I find it so easy to hold the expectation that others will, without question, honor my boundaries, show respect, and be honest in relationships.
What I do not find easy, though, is holding myself responsible for these same expectations. Not to others, mind you, but to myself.
Somewhere along this healing journey of mine, I had to face the hard fact of how horribly I treat myself.
Oh, I had the proverbial list of personal boundaries and how I was planning on respecting other’s boundaries:
- I would no longer accept responsibility for another’s feelings or issues.
- I would no longer attempt to make things right or fix another.
- If my truth caused another unhappiness, I would allow them that freedom and choice, not taking it personally.

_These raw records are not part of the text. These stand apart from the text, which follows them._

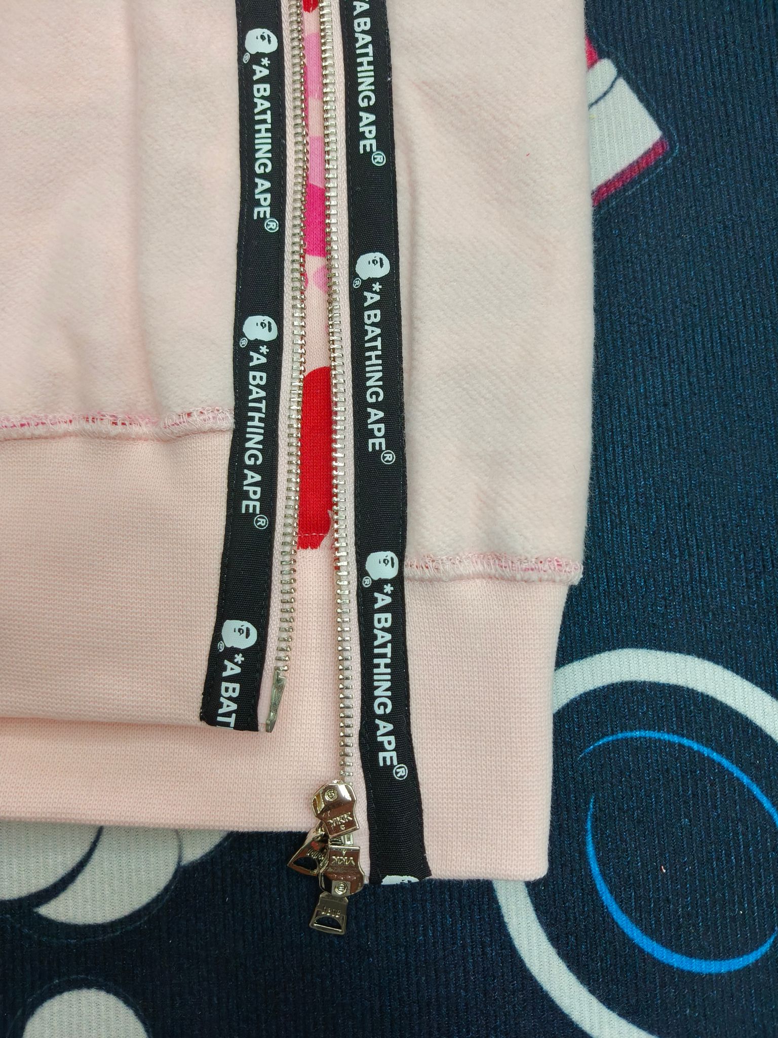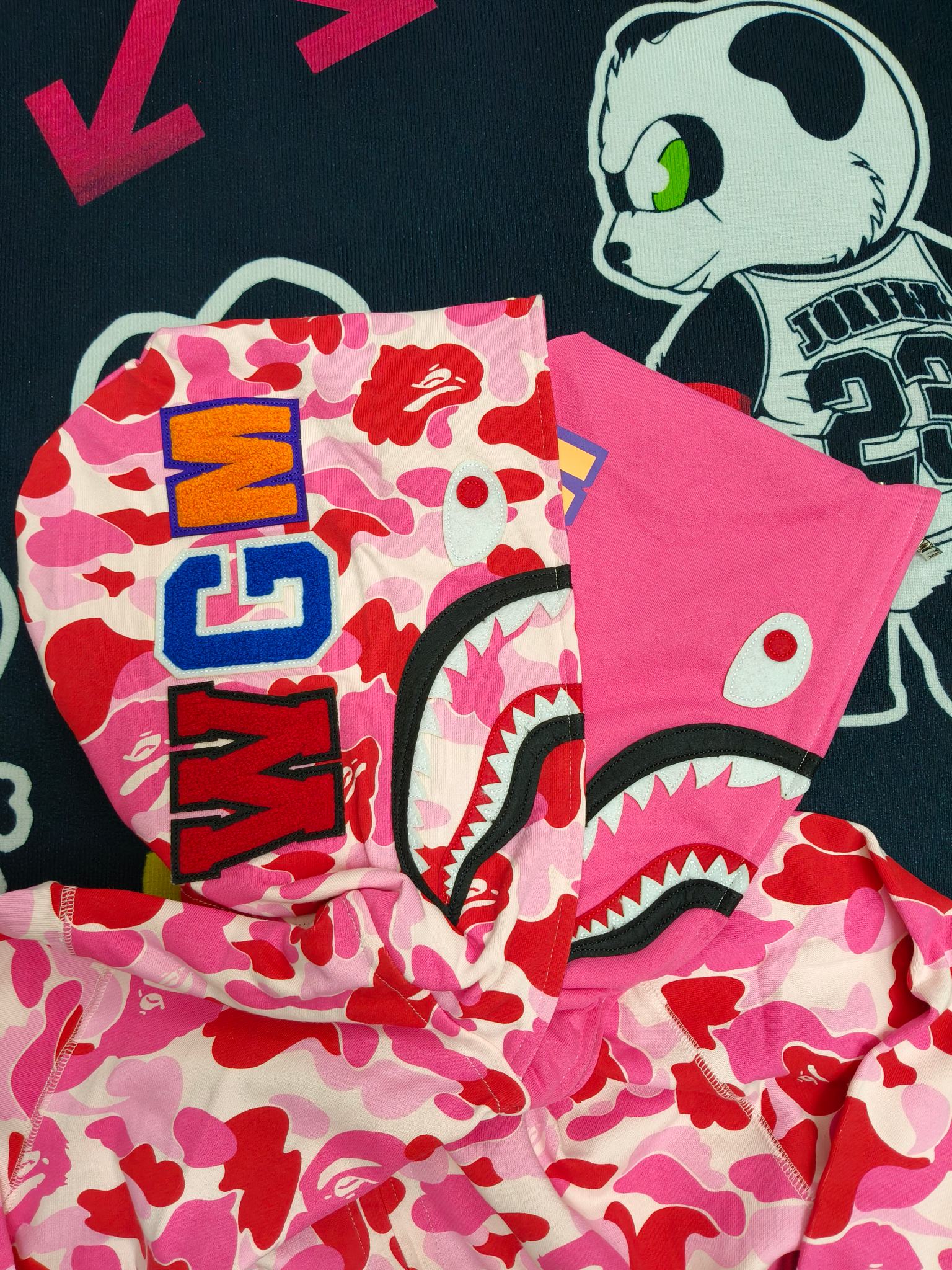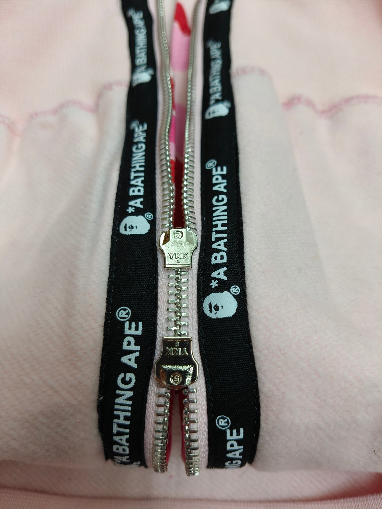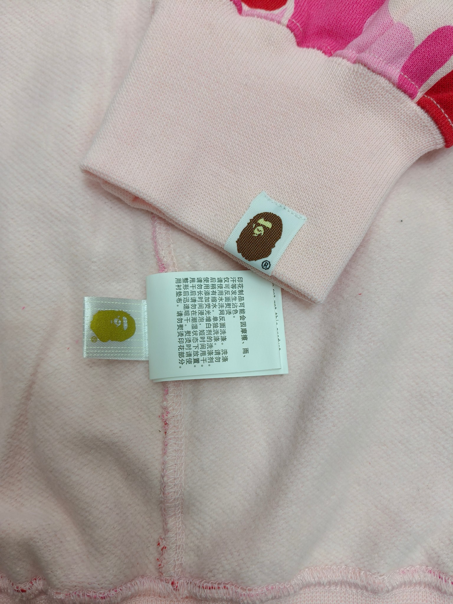 这款衣服是AAAAA 1:1 质量 (非常棒). 使用了和原版一模一样的材料. 商标部分也保持了和Bape一样. 图片拍摄是实物衣服拍摄, 您所收到的实物保证和我们图片一模一样.
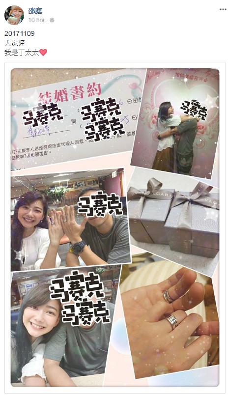2017年11月09日台灣女藝人邵庭與暱稱「閃光哥」的圈外男友交往了3年多,不僅從未分享過對方的正面照片,就算有照片也會將對方的臉打上馬賽克。不過她終於在11月9日的凌晨時分於臉書上大方po出兩人的「公證照」,還寫道:「大家好,我是丁太太❤」,正式宣告升格為人妻。
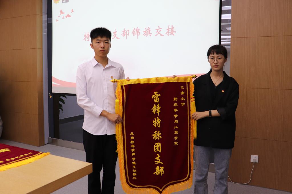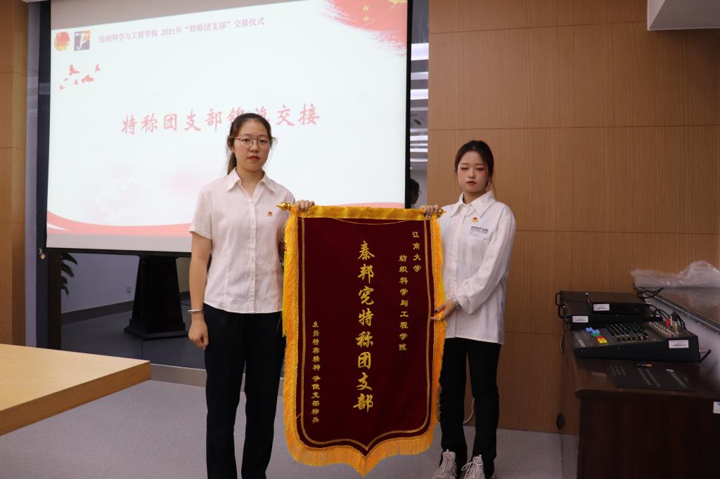 “雷锋特称团支部”由纺织1805班团支部交接给纺织2002班团支部,纺织1805班团支书王志辉从学风建设、创新创业、班团建设、志愿服务四个方面回顾了该团支部的工作,展现了纺织1805团支部全体班团干部、团员从成立支部以来的成长与蜕变;并寄语纺织2002团支部,传承雷锋精神必须发自内心地认同雷锋精神,真心实意地践行雷锋精神,而不能流于形式、止于口号。“秦邦宪特称团支部”由纺织1901班团支部交接给纺织2003班团支部,纺织1901班团支书陈丽娜同学从树立良好的团支部学风、建设正确的思想文化高地、培养优秀的班团干部、组织丰富的班团活动四个方面阐述了这一年的工作;并希望纺织2003班团支部全心全意为同学们服务,团支部成员对自己高标准、严要求,以秦邦宪同志为理想奋斗的精神、坚定革命信念的勇气为船,航行在青春的海洋中。随后,新老“特称团支部”进行锦旗交接,纺织2002班雷锋特称团支部、纺织2003班秦邦宪特称团支部进行表态发言,一定会接好接力棒,将特称团支部精神传承下去。接着,轻化1903张闻天特称团支部团支书张宇婷说团课《青春跟党走,建功新时代》,深入浅出地介绍了“工匠精神”的内涵及意义,希望同学们要用青春作桨、以梦想为帆,让青春之光照亮奋进之路。随后,全体师生起立歌唱中国共产主义青年团团歌《光荣啊中国共青团》。
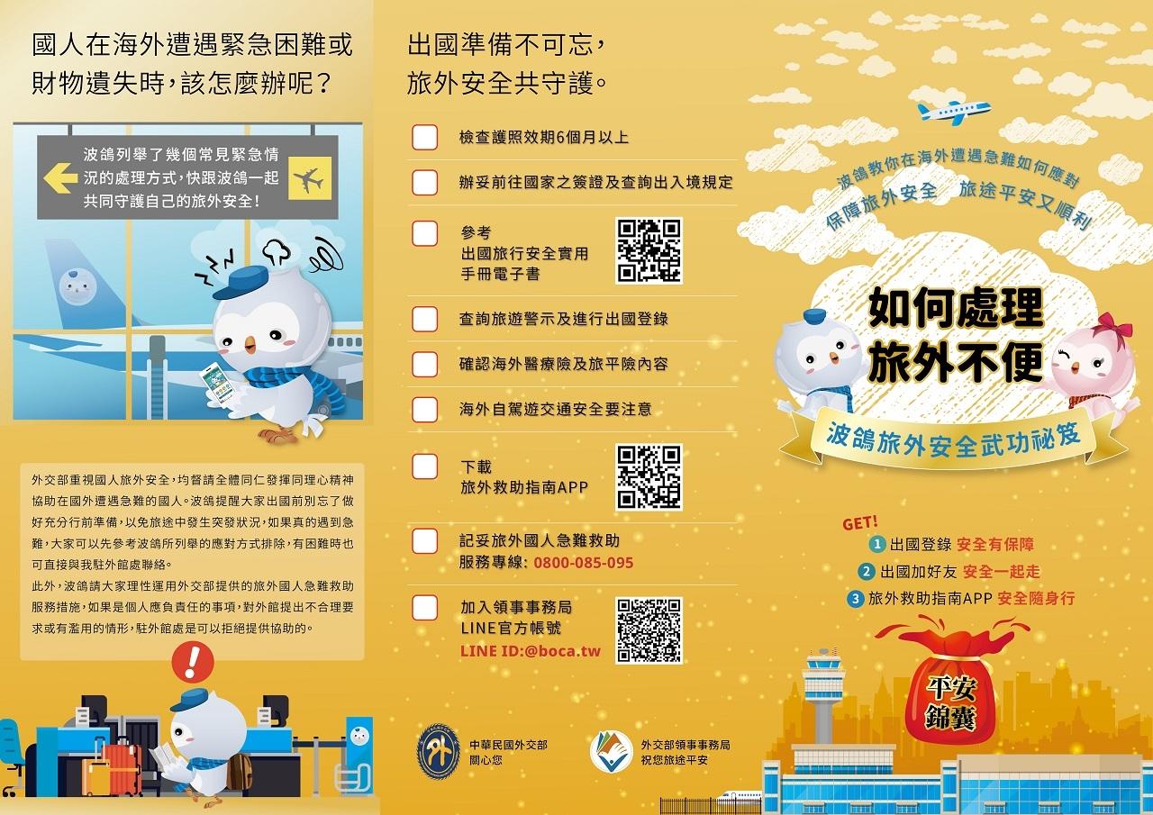 為提供國人旅外救助服務多元管道,外交部領事事務局已設置LINE官方帳號(ID:@boca.tw)及「旅外救助指南」APP,國人不僅可以透過LINE或APP即時接收外交部發布的最新旅遊警示,並進行出國登陸、查詢擬前往國家的簽證及旅遊資訊、駐外館處聯絡資訊與在海外遭遇急難的應對方式等,以提升海外旅遊自身安全,歡迎國人善加利用!
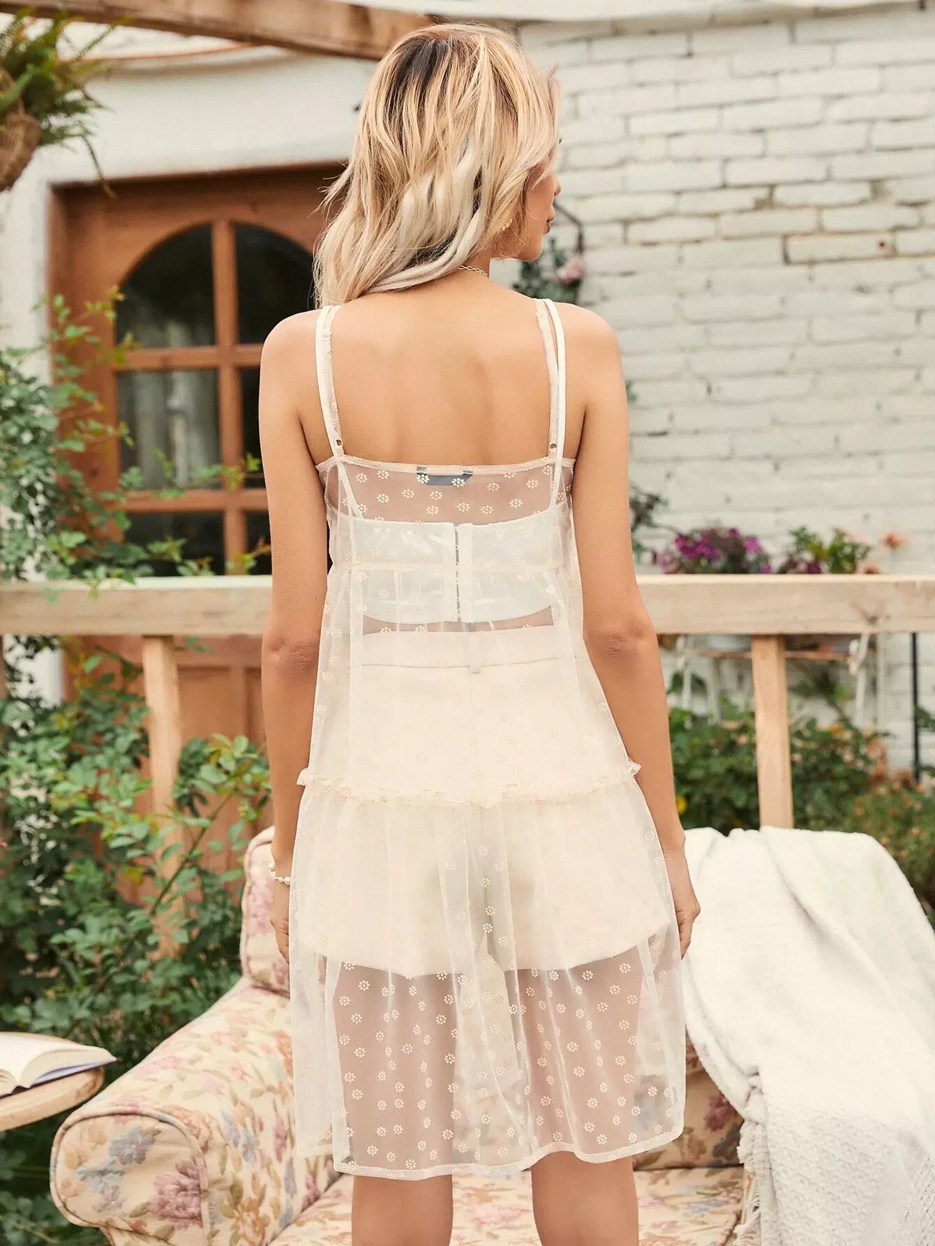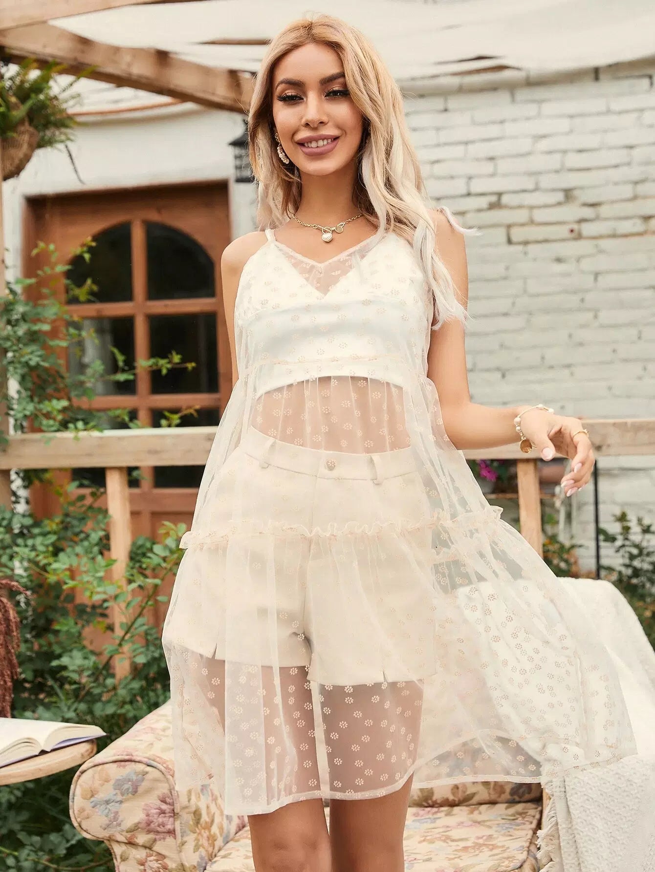 فستان كامي شفاف من القماش الشبكي مزين بنقشة الزهور

- I would choose my words precisely as to avoid confusion, interpretations, or assumptions.
- I would no longer apologize for things not my fault.
- I would gently leave relationships no longer serving my best interests.
And then, there were these:
- I would honor the boundaries of those around me by listening more than sharing.
- I would not become defensive or attack while taking the brunt of another’s feelings.
- I would lead with compassion and understanding instead of offering advice.
- I would not judge another’s choice but acknowledge their freedom to make personal choices.
The harder I worked at maintaining this list of boundaries with others, the more I realized I was not maintaining these same boundaries within myself
I was not accepting responsibility for my OWN feelings or issues. Instead, I blamed myself for having feelings.
I was completely trying to “attack” things in the “right way,”(whatever that is) and defensively trying to “fix” myself, instead of letting me be me. I was taking every single thought or feeling, I had personally, as if they were the only thoughts and feelings on the planet and then would judge, judge, judge each one of them to death. I was speaking shame to myself, not love. I was not being compassionate or understanding to or with myself. I WAS NOT apologizing to myself for ANY OF THIS, and I was not serving my best interests.
I was living a nightmare. The harder I tried, the worse it all became. I had to stop.
I knew the only way to the freedom of being whatever I believed was good and right, was to have super strict boundaries with and within myself. I understood boundaries preserved freedom so that freedom can be used to show compassion and act in love.
I knew my sanity was relying on not judging myself, but preserving boundaries within myself as an act of compassion towards myself. The fight to keep my boundaries would throw my behavior, of not keeping my own boundaries, back on to me, forcing me to acknowledge those negative behaviors and adjust my mindset with compassion and love granting me the freedom I so desperately desired.
I started learning the differences between shame language and love language. Every time I heard my inner self use shame language, I learned to catch it and would, instead, flood myself with love language.
I learned what self care techniques work most effectively for me and devoted one day a week to taking care of myself. I finally understood filling my cup first is essential, not selfish.
I learned how much easier it is to honor other’s boundaries, and have them honor mine, when I am honoring myself first. People truly do treat you in the same way you treat yourself.
I learned respect for the freedom my boundaries brought me. Respect so deep and fulfilling I couldn’t imagine ever wanting it to go away.
I learned to trust my intuition, my gut, myself. As I am only approaching myself with compassion and love, I learned to really listen to what my soul is telling me. And, more importantly, I learned to follow it.
I learned love. Love for the one person who I will spend the rest of my life with, day in, day out…me.
I learned I am the only one who has the power to preserve my own freedom by preserving my own boundaries.